Monday, June 16, 2008
Real Life
Today was my Blessed Monday Off - the second one in a summer-long series (I hope to offer it an extended contract once school starts). Perhaps I have just put too much expectation on my Mondays. I have long looked toward it for peace and crafting and feeling on-top-of-things-around-here. And it didn't happen that way today. It all started out well. I had a very interesting conversation with some other parents today at swimming lessons about church and the different way that we worship and also about how marriage relationships mirror our relationship with God in unexpected ways. That was awfully invigorating for 8:00 in the morning.
But after I took Drew to camp, I came home to do my checkbook make my grocery list. Checkbook stress is a given and I can get over checkbook stress. It happens to me a lot. But here's where the expectation comes in: I am always trying to be mindful of efficiency, particularly now with the high price of gas and food. I shop at the Super Wal Mart because it saves me a lot of money, but it's kind of a drive out there. So I tried to organize all my errands today around the one trip. But I'm also trying to shop for two weeks at a time in order to cut down on gas. So, I had to plan out two weeks of cooking, household items, sewing, summer activities and celebrations and bills to pay and such. As soon as we were far enough away from the house, I realized that I'd forgotten the all the equipment for one of the stops - my checkbook and a gift for someone at the school office. So that means I'll be making two trips anyway. So much for efficiency.

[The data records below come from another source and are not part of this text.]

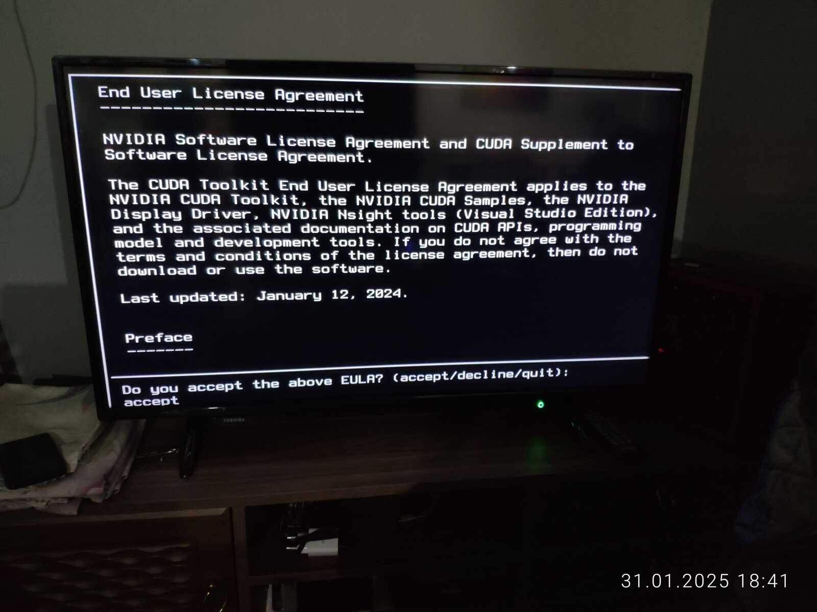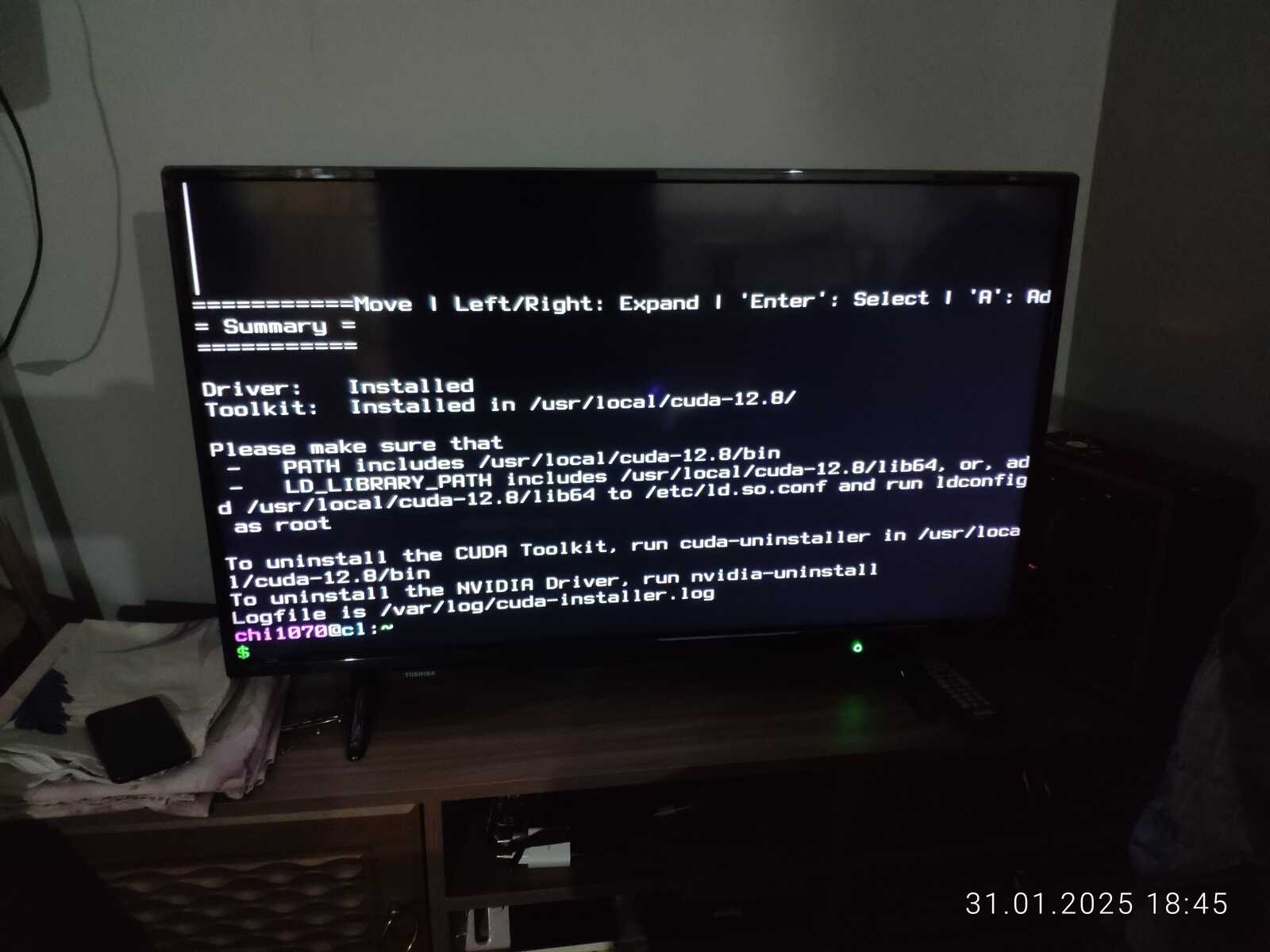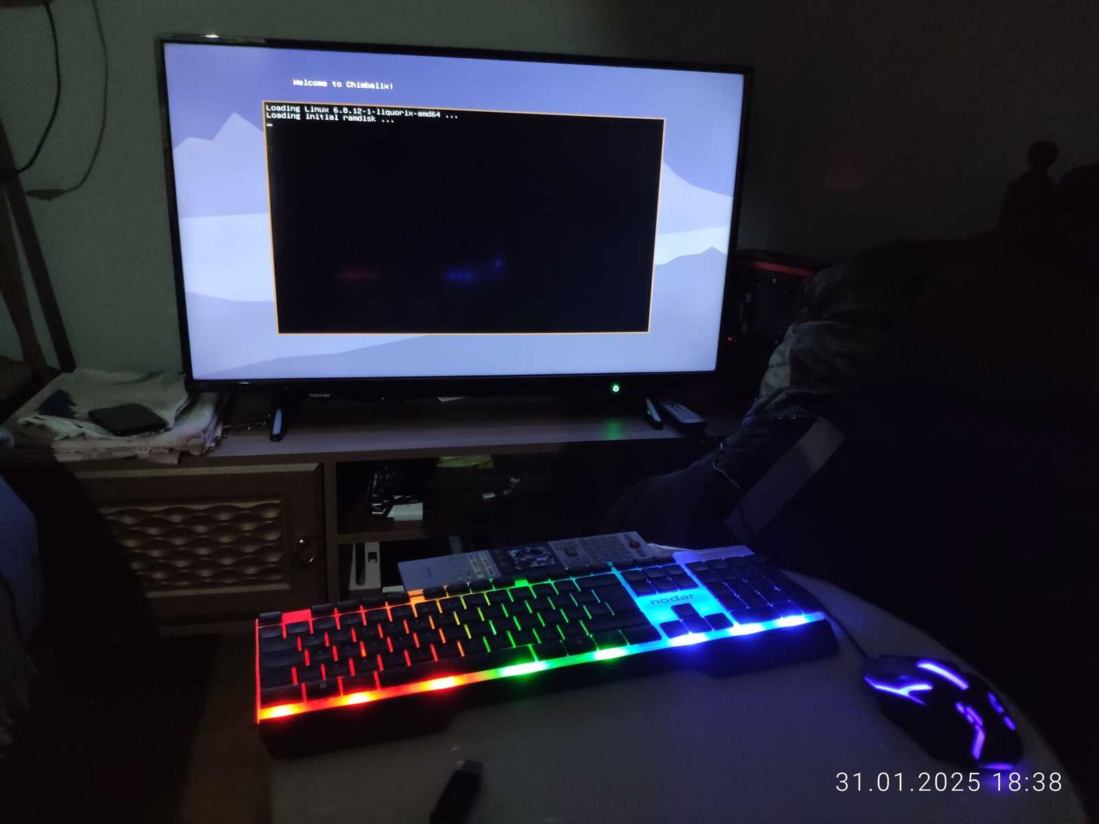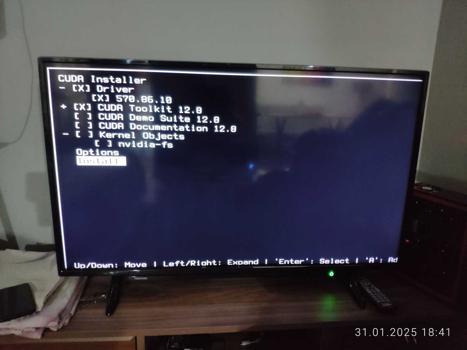 В общем, во время установки линукса у меня телевизор внезапно решил обновиться, ну спасибо, что хоть позволили отказаться от обновлений в столь важный момент...
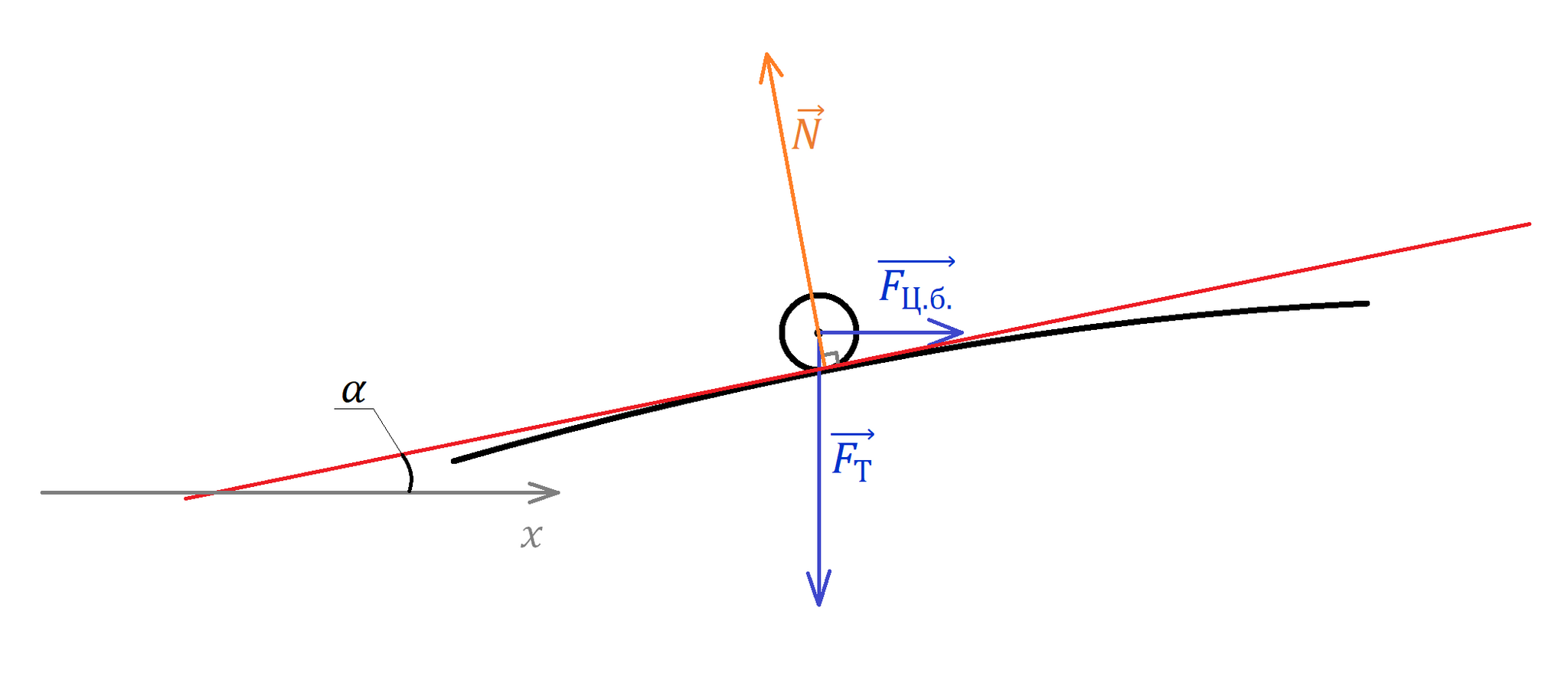 Так как воронка мысленная, то забываем про школьную g = 10 м/с^2 и записываем g = 1. Также здесь у нас затесался тангенс, однако из рисунка с силами мы помним, что угол тут - угол наклона касательной к горизонту. А значит сам тангенс равен производной искомой функции:
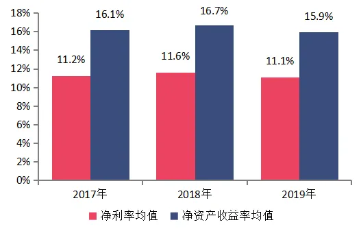百强企业2017-2019年净利润率及ROE情况
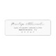 These return address labels feature a clean, modern design with a minimalistic layout that emphasizes typography. The elegant cursive script for names is paired with crisp sans-serif fonts for the address and postal code, creating a sophisticated look. The black text on a white background offers high contrast and readability, perfect for formal correspondence or invitations. The overall style exudes professionalism and simplicity, making these labels ideal for those who appreciate a polished and uncluttered aesthetic in their stationery.
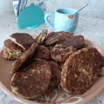 Выкладываем на тарелку, пресекаем на корню все попытки возбуждённых запахами голодных домочадцев стащить втихаря пару штучек и созываем всех к столу... У меня получилось две таких тарелочки пышущих, горячих, ароматных дерунчиков, а так как я сейчас один, то отпала надобность воровать с тарелки и праздник живота мне обеспечен на пару дней!!!
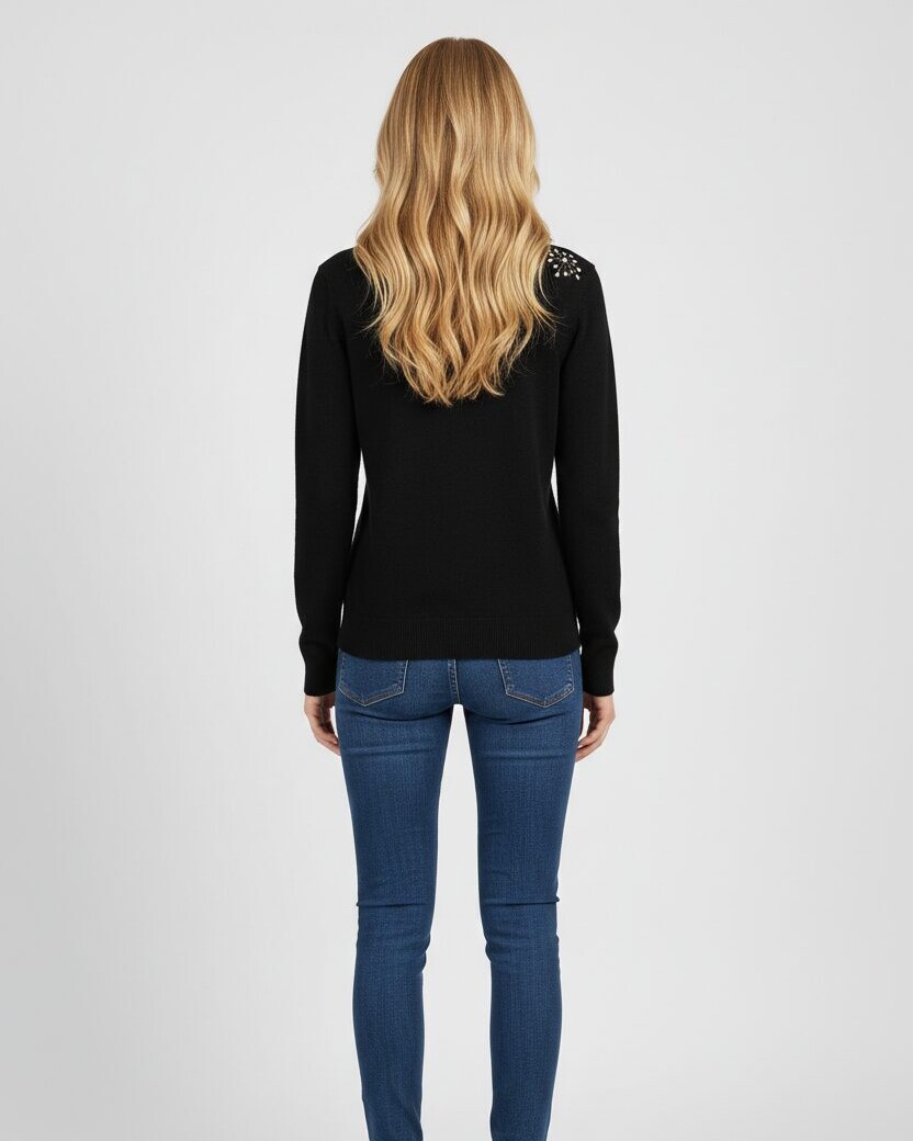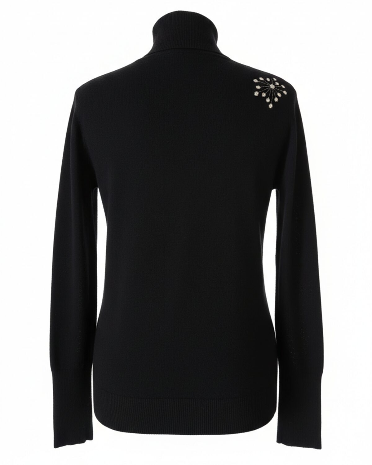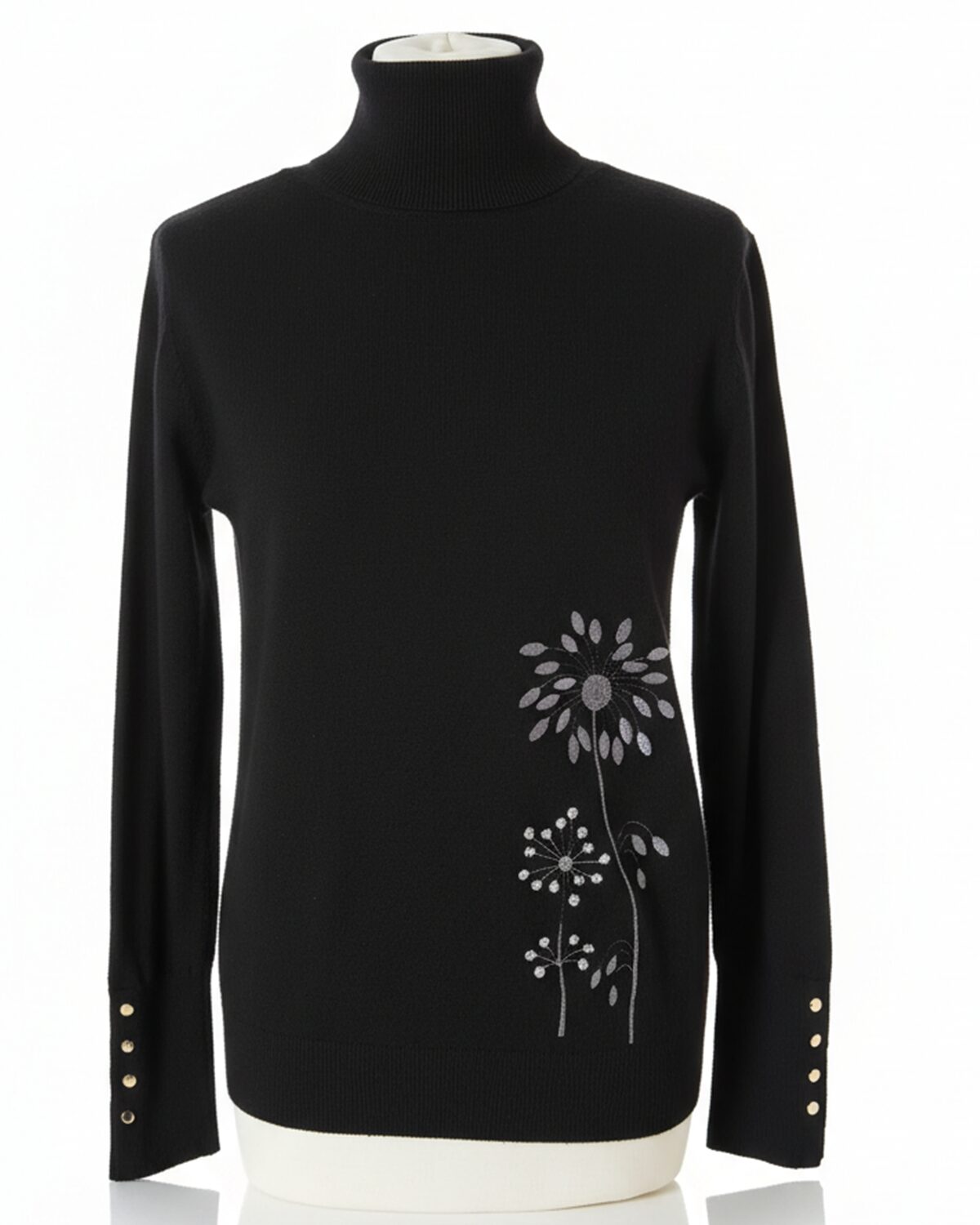 Mõnus pehme S -M suurus kootud kampsun kõrge kaeluse ja mansitikandiga redisainitud lillemotiividega ees allääres ja seljaosal õla peal. Varrukaotstes soonikul metallsed nööbid.
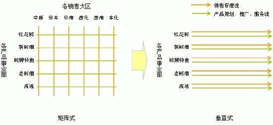 2013年1月,郎酒集团启动了一场涉及到6000多人的营销组织变革,将其“事业部+办事处”的“矩阵式营销组织结构”,变革成为以五大事业部垂直运作的“准公司制运营模式”。
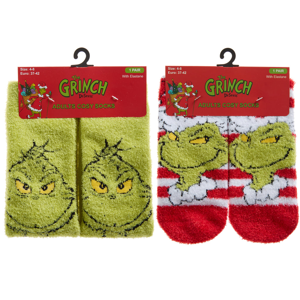 Ladies Women Cosy Thermal Christmas Xams Grinch Socks with Grip (1 pair)
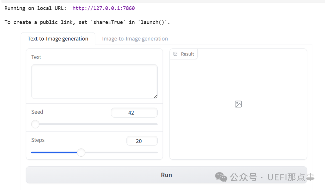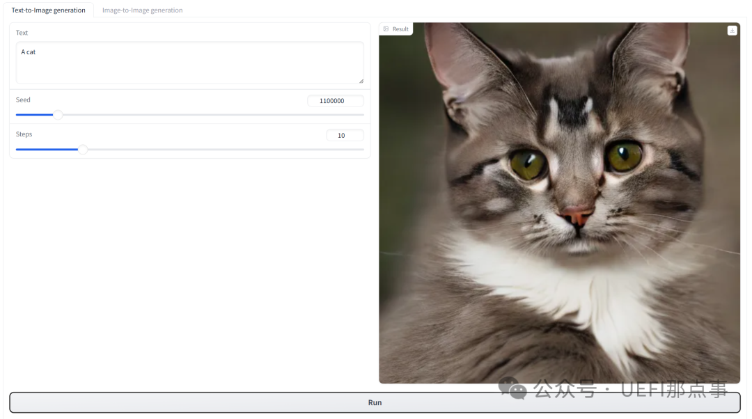 成功之后,你会在页面底下看到几个输入框界面,此时便可以在Text处输入提示词了,如 A Cat,大概十几秒便可生成一张图片。也可以点击本地的链接,可以单独打开一个页面。这个模型看起来不支持中文,如果用中文提示词,图是胡乱生成的。

We stopped for fast food because it was better to just get a move on and try to get home at a decent time. That was fun. Here's the evidence and a rare glimpse of the Tweenage Male in his native environment (i.e. anywhere french fries are found):
But Wal Mart. Oh, awful, awful land of crowds and flourescent lighting! I spent two hours in there with children who wanted anywhere else and who bumped into me every time I stopped (out of sheer boredom) and who wanted to "help" push the cart (straight into other peoples' hinies) and who "joked" about wanting to buy that big bag of sugar-frosted white-flour cereal (that I have never said yes to) and who "didn't complain" by groaning and moaning....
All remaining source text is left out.